Tra i Pasti: l’arte di vivere (e mangiare) senza dogmi

“Se si considerano i milioni di permutazioni di cibi e vini da provare, è facile capire che la vita è troppo breve per la formulazione di dogmi.”
Abbot Joseph Liebling, noto giornalista del settimanale The New Yorker, testimone ed eredità preziosa della prima metà del Novecento, omaggia la cucina francese e il piacere del cibo nel suo Tra i pasti.
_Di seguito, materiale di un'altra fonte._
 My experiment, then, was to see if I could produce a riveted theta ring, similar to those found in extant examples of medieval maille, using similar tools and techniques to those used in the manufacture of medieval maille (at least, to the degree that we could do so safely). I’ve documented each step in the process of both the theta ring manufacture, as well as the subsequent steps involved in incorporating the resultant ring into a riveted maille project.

Un appetito per Parigi, opera messa sul mercato da Edizioni Medhelan.
Nato a New York da un immigrato che aveva fatto fortuna grazie al commercio di pellicce, Liebling studia alla Columbia University School of Journalism.
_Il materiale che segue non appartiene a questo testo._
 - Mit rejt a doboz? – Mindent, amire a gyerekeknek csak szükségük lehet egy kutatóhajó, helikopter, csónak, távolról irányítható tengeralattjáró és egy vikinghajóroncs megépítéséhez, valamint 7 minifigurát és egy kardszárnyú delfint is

Ben presto, la vita newyorkese appare a Liebling come volgare e priva di anima.
Vi preferisce la Francia.
Nella prefazione curata dall’amico, scrittore e sceneggiatore James Salter, l’autore viene descritto non solo come parte della generazione che ha vissuto le due guerre mondiali, ma anche come membro di quella sua mitica scheggia che ha conosciuto Parigi in quelli che oggi appaiono come i suoi giorni più gloriosi.
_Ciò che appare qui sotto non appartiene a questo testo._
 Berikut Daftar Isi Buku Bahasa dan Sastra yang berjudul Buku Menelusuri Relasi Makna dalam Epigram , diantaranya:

È sempre Salter che introdurrà il libro come una sorta di guida a una Parigi leggendaria: “Liebling raccoglieva, come fa la gazza con i pezzettini di pago e di metallo luccicante che riporta al nido, le cose scartate ma dotate di una carica emotiva, i frammenti di una città bellissima che stava scomparendo.”
Il libro, pregno di aneddoti e consigli, è molto vicino al genere del romanzo.
Ed è una vera e propria ode alla cucina parigina.
“Il primo requisito per scrivere di buon cibo è un buon appetito, il secondo è fare l’apprendistato di mangiatore quando si hanno abbastanza soldi per pagare il conto ma non abbastanza da restare indifferenti di fronte al totale.”
Da sempre attratto – come ricordato da Salter – dalle disarmonie sociali, Abbot ritiene che i ricchi francesi del tempo, portati alle scelte culinarie più sofisticate, non possano conoscere alcune prelibatezze del popolo, come la trippa.
Inoltre, Liebling non intende proprio rinunciare al piacere della tavola e anzi deride chi continuamente a dieta.
“Nessuna persona sana di mente può permettersi di rinunciare a piaceri debilitanti; nessun asceta può essere considerato attendibilmente sano di mente.”
Consapevole del fatto che il suo avversario più duro era proprio la pura e semplice gola, Liebling racconta, con il suo inconfondibile umorismo, anche del suo ricovero volontario in una “prigione svizzera”, tentativo disperato contro l’obesità.
Tra i suoi otto capitoli, c’è un continuo intreccio di storie esilaranti, pensieri e vicende che ruotano attorno a celebri locali parigini e figure del mondo della ristorazione.
Il vero fulcro della narrazione sono i piatti e vini, minuziosamente descritti con un’attenzione e una cura ai dettagli da far pensare a una vera e propria guida culinaria.
Ma non si tratta solo di questo.
Pagina dopo pagina, è sempre più chiaro lo stile arguto dello scrittore e la sua visione ironicamente esteta della vita.
È il punto di vista di una personalità poliedrica, dotata di un gran carisma.
Carisma che, sebbene gli sia sempre stato riconosciuto dalla sua cerchia, è stato più volte messo in discussione dal mondo accademico americano.
Eppure, Liebling, con maestria innata e innegabile talento per la scrittura, riesce a celebrare ciò che rende il cibo qualcosa di molto di più di un’esperienza sensoriale.
La penna di Abbot Joseph Liebling trasforma ogni piatto e ogni bicchiere di vino in simboli di un mondo in continuo cambiamento, di una Parigi che lui ama profondamente e con devozione e che teme di perdere.
Il suo racconto è una dichiarazione d’amore per la vita, resa ancor più preziosa dalla consapevolezza che ogni scelta – anche e soprattutto a tavola – è un atto di libertà e di ribellione contro la banalità.